- Hanemann performing on keyboards at the 2007 Long Island Maritime Festival

Background information
- Born: May 1, 1953 (age 73) New Orleans, Louisiana, U.S.
- Genres: Hard rock, heavy metal, progressive rock
- Occupation: Musician
- Instruments: Bass guitar, vocals, keyboards, synthesizer, strings
- Years active: 1975–present
- Label: Atlantic

= Felix Hanemann =

American singer and musician (born 1953)

Felix Hanemann (born May 1, 1953) is an American singer and musician.

==Biography==
===Early life===
He graduated from Warren Easton High School and attended the University of New Orleans and Loyola (Music Major, English Minor).

He joined his first band, The Salt & Pepper Conspiracy, when he was 14 yrs old. In 1972 he put together the band Shepherd’s Bush with Randy Jackson as the lead guitarist.

===Career===
Hanemann formed the band Zebra in February 1975 with guitarist and singer Randy Jackson and drummer Guy Gelso, with Felix playing bass, keyboards and backing vocals. Atlantic Records signed Zebra in 1982 and their self-titled debut record was released in March 1983. The album stayed on the Billboard charts for eight months, peaking at number 29. Zebra has continued to record and perform, going into their third decade with six albums to their credit.

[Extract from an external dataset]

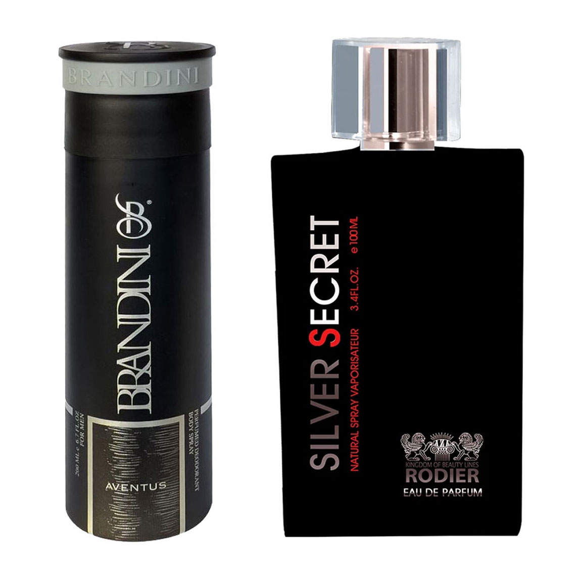 پک هدیه روز مرد 2 عددی شامل اسپری مدل Aventus و ادوپرفیوم مدل Silver Secret

In 2000 Hanemann released his first solo album, entitled “Rock Candy” and in 2006 he became a member of the band Harry Slash & The Slashtones.

Felix was also the keyboardist/bassist for the popular metro New York area Led Zeppelin tribute band Hindenberg, which also features fellow Slashtoner Steve "Budgie" Werner (drums) and Karl Cochran (guitar), both veterans of the Ace Frehley band amongst other endeavors. Hindenberg's singer is Michael McEwan, also of A Perfect Tool.